SCHRIFTELIJKE VRAAG E-2124/01 van Mihail Papayannakis (GUE/NGL) aan de Commissie. Omzetting van de communautaire vervoerswetgeving.

SCHRIFTELIJKE VRAAG E-2124/01 van Mihail Papayannakis (GUE/NGL) aan de Commissie. Omzetting van de communautaire vervoerswetgeving.

SCHRIFTELIJKE VRAAG E-2124/01

van Mihail Papayannakis (GUE/NGL) aan de Commissie

(13 juli 2001)

Betreft: Omzetting van de communautaire vervoerswetgeving

Volgens door de Commissie in mei 2001 publiceerde gegevens is 30 % van de communautaire wetgeving nog niet in alle lidstaten in nationaal recht omzet. Zou de Commissie mij in concreto kunnen mededelen aan welke richtlijnen op vervoersgebied niet de hand wordt gehouden door Griekenland? Welke maatregelen denkt de Commissie te nemen om de tenuitvoerlegging te verzekeren van de communautaire wetgeving in deze dynamische, maar tegelijkertijd ook gevoelige sector?

Antwoord van mevrouw de Palacio namens de Commissie

(6 september 2001)

Het percentage richtlijnen voor de transportsector waarvoor nog niet alle lidstaten bij de Commissie nationale omzettingsmaatregelen hebben aangemeld, blijft inderdaad zeer hoog (30 % in mei 2001). De omzettingsgraad van de richtlijnen (d.w.z. de verhouding tussen het aantal aangemelde nationale maatregelen en het aantal voor de lidstaten geldende richtlijnen) is echter lichtjes verbeterd, van 88,5 % op 31 december 2000 tot 94 % op 1 juli 2001 voor het geheel van de transportsector.

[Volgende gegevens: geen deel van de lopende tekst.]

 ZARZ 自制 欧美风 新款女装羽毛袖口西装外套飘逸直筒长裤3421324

De omzetting van de richtlijnen is altijd een probleem in bepaalde lidstaten, zoals bijvoorbeeld in Nederland wat het maritiem vervoer betreft (81 %) en in Griekenland wat het vervoer over land betreft (80 %).

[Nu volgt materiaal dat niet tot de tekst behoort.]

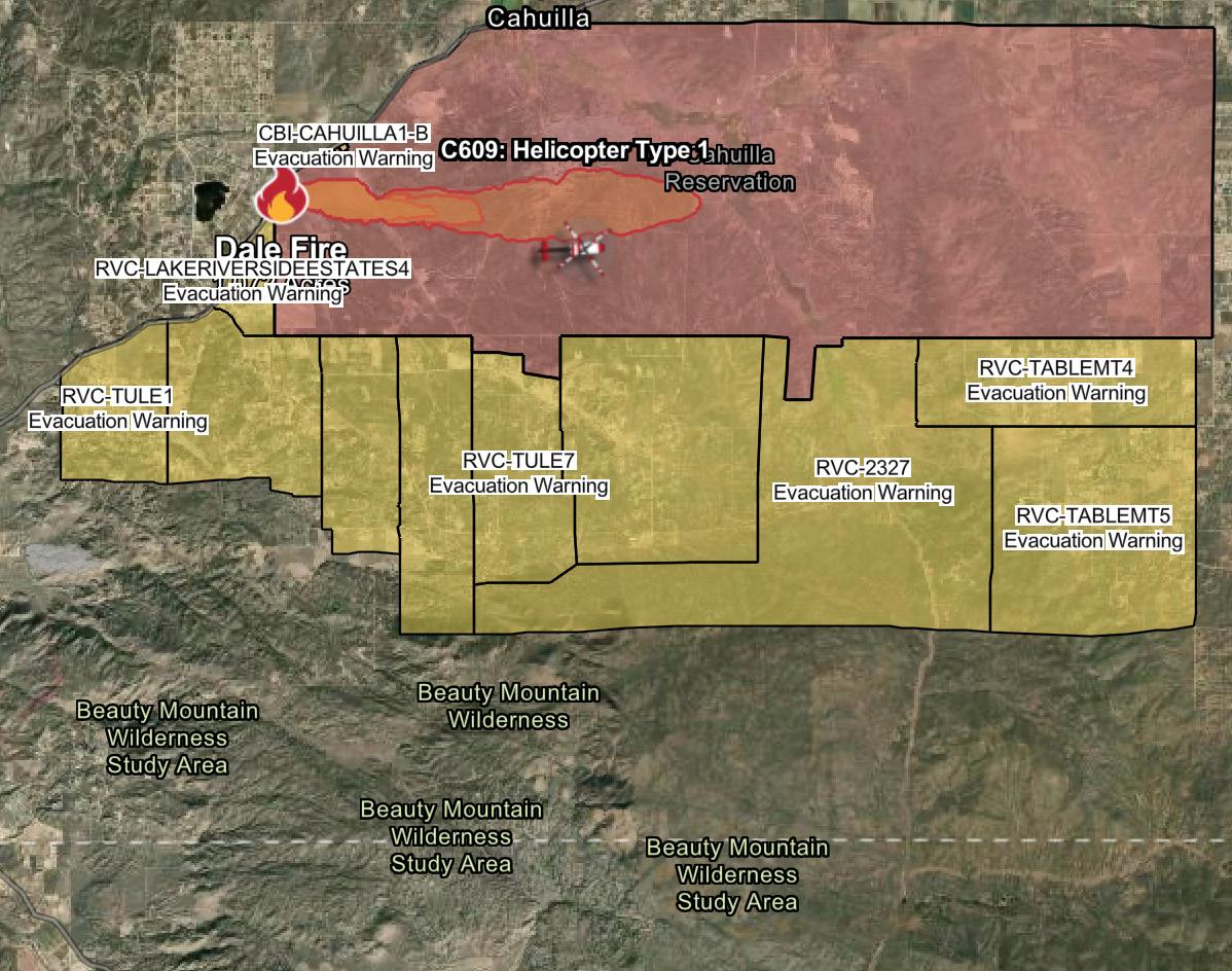 On Wednesday, seven Cal Fire air tankers and three helicopters initiated runs on the Dale Fire. The flames continued progressing toward Cahuilla Creek Motocross and the Cahuilla Casino Hotel, both south of State Route 371, east of the fire.

De achterstand bij de omzetting is met name voor Griekenland bijzonder groot; de omzettingsgraad voor het geheel van de richtlijnen vervoer bedroeg op 1 juli 2001 slechts 86 %. Om die reden heeft de Commissie talrijke (21) inbreukprocedures moeten inleiden voor niet-mededeling van nationale omzettingsmaatregelen door Griekenland. Tien van deze procedures lopen nog steeds, meer bepaald zijn er zeven zaken aanhangig gemaakt bij het Hof van Justitie en bevinden drie procedures zich in het stadium van het uitbrengen van een met redenen omkleed advies. De moeilijkheden hebben voornamelijk betrekking op de sector van het vervoer te land, meer bepaald wat de richtlijnen inzake het vervoer van gevaarlijke goederen betreft.

De Commissie buigt zich op gezette tijden over de stand van de omzetting van de richtlijnen door de lidstaten en er wordt overwogen om in dat verband nog vóór het jaareinde een speciale vergadering te houden met de Griekse autoriteiten.